2. Cost estimates: Clinicians make medical prognoses that allow patients to plan for their care, and they should make financial prognoses that help patients plan financially. Discussing costs early in care boosts awareness of available resources and increases patients' ability to plan for expensive treatments. Clinicians should consider financial burden as a side effect of medical treatment and try to prevent it.

3. Anticipate costs: Most patients are concerned about the indirect costs of their medical appointments such as lost income, transportation, and childcare. Through communication with patients, these costs should be anticipated.

4. Make exploring out-of-pocket costs routine: Hospitals and physician practices can give patients information about health insurance availability, local health-related resources, and tools for initiating cost-of-care conversations during clinic visits. Implementing a cost-conversation screening system should engage patients, ease shame patients feel about financial problems, and give patients options to speak with clinicians or ancillary staff.

5. Adjusting workflows: Clinicians should work cost-of-care conversations into their daily workflows. Effective strategies include assigning one staff member to serve as the out-of-pocket cost problem-solver to develop expertise and efficiency, using the electronic health record (EHR) to document patients' financial need, and mining the EHR for cost data and insurance coverage.

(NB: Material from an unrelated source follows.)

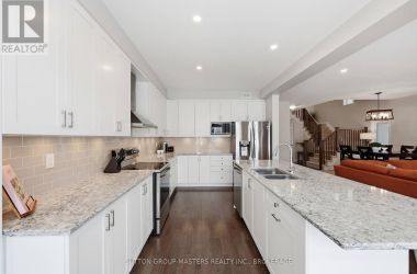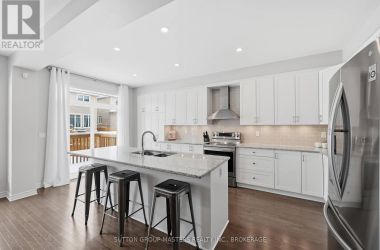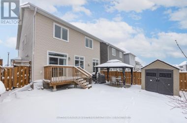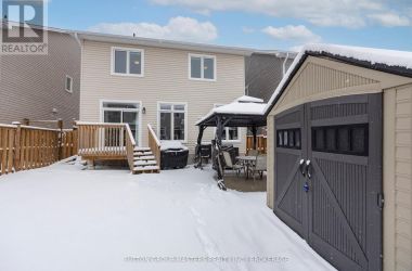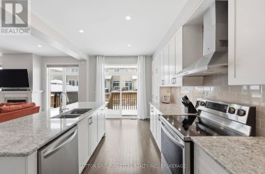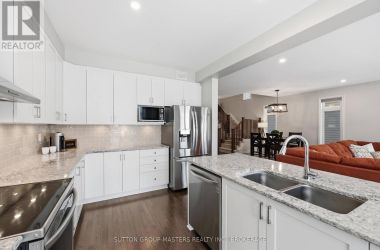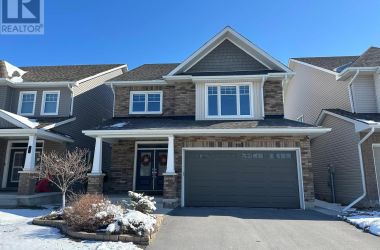 Welcome to this meticulously maintained 5-year-old Sable model by Tamarack Homes, nestled in the sought-after Riverview community on the east side of the Limestone City. From the serene covered front porch to the generous entryway, this home impresses with its desirable open-concept layout, abundant natural light, and soaring 9-foot ceilings. The chef-inspired kitchen is a true highlight, featuring an oversized island with stone countertops, upgraded cabinetry with soft-close drawers, and a timeless subway tile backsplash. The inviting living room is anchored by a custom gas fireplace and flows seamlessly into the adjacent formal dining area - perfect for both everyday living and entertaining. Thoughtfully designed, the main level also offers a spacious mudroom with inside access to the attached double-car garage, along with a dedicated office tucked just beyond, complete with charming windows. Upstairs, the expansive primary suite boasts a walk-in closet and a stunning 5-piece ensuite with a soaker tub and separate shower. Three additional well-appointed bedrooms and a conveniently located laundry room with sink complete this level. The lower level is ready for your personal touch, offering elevated ceilings, large windows, and a bathroom rough-in. Recently painted throughout, the home continues to impress outdoors with a fully landscaped and fenced backyard, featuring a concrete patio and walkway-ideal for relaxing or entertaining. Perfectly situated with easy access to Hwy 401, CFB Kingston, schools, downtown, and a wide range of amenities, this exceptional home is ready to welcome its next owners. Come see it for yourself! (id:50836)

6. Ancillary staff play central role: Most practices involve ancillary staff—medical assistants, nurses, front desk staff, and financial counselors—in cost-of-care conversations. Ancillary staff generally have more flexibility in their workflows to accommodate financial conversations with patients, and their views on cost of care often align closely with patient views compared to clinician views.

7. Practice makes perfect: As clinicians conduct more cost-of-care conversations, the discussions become more effective and efficient. Clinicians who conduct cost-of-care conversations are more likely to consider cost in medical decisions.

Christopher Cheney is the CMO editor at HealthLeaders.


KEY TAKEAWAYS

More than a quarter of Americans struggle with medical bills.

Patients should be screened for financial hardship.

Exploration of out-of-pocket costs should be routine at hospitals and physician practices.